Giova ricordare ancora il premio Nobel per la Fisica che il 10 dicembre 2011 venne conferito agli astrofisici Saul Perlmutter, Brian P. Schmidt e Adam G. Riess «per la scoperta dell’espansione accelerata dell’Universo, attraverso le osservazioni di supernovae distanti». Una metà dell’importo totale (che è di circa un milione di euro) è andata a Perlmutter, l’altra metà a Schmidt e Riess. Nello scorso numero Piero Galeotti ha spiegato il ruolo svolto dalle supernovae in questa vicenda, citato esplicitamente nella motivazione del premio. Qui vorrei ricapitolare il cammino che ha portato alla scoperta ed esaminare qualche prospettiva dell’astrofisica del futuro.
Dal più recente…
I vincitori erano a capo di due progetti avviati a cavallo tra gli anni Ottanta e Novanta: il Supernovae Cosmology Project (SCP) e l’High-z Supernovae Search Team (HZT).
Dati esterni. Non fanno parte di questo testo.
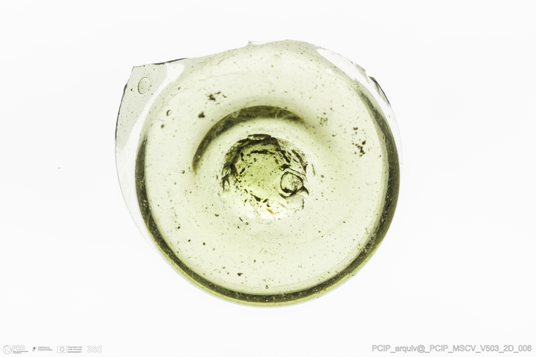 Matéria/Técnica: Vidro; Cronologia: Século XVII; Autoria: Desconhecida; Dimensões: Diâmetro Base: 32mm.
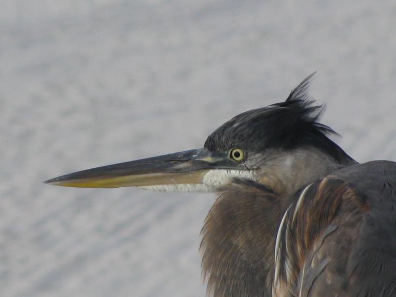 I met this fellow (or lady, as the case may be) earlier this month as it was perched alongside a sandy beach of Alabama’s eastern-most gulf coast. The bird was very large, and I could see it quite a ways back as I walked toward the sand. It was aware of my presence, too, stopping momentarily two or three times to glance in my direction. The closer I got, the slower I walked. First of all, I wanted to get close enough to catch some good pictures, one of which you see here. And secondly, I did not want any bird with a long very sharp beak getting mad at me. Besides, this bird was at least two feet tall, and it was sitting atop a fence railing that made it taller than I am. I would have had to pass within inches of that sharp beak in order to step onto the beach.
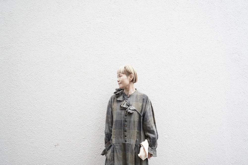 デザインはワイドシルエットのコンビネゾン。前立てとカフスに色の異なるボタンをランダムに使用しているのがアクセントになっています。フリルがついた袖もスタイリングのポイントに。ウエスト切り替え位置(やや下目)にはベルトループがついており、ベルトを使ってブラウジングするとシルエットが変わり、着丈長めですが小柄な方でも着用いただけます。モデルは155cmです。共布で作られたフラワーベルト(別売り)を合わせて、ベルトループに通したり、たすき掛けしてストールのようにポイント使いしても素敵です。

Entrambi portarono, in modo indipendente e concordante, a un risultato sorprendente: l’Universo sta accelerando il ritmo con cui si espande.
I tre studiosi misero a punto un’efficiente procedura per scoprire e studiare un particolare tipo di supernovae, dette di tipo Ia, che possono essere considerate come “candele standard”. Gli articoli con cui annunciarono alla comunità scientifica le loro inaspettate quanto importanti conclusioni risalgono al 1998 e al 1999. Sembra quindi che sia stata data risposta a una delle domande più antiche della storia: qual è il destino dell’Universo?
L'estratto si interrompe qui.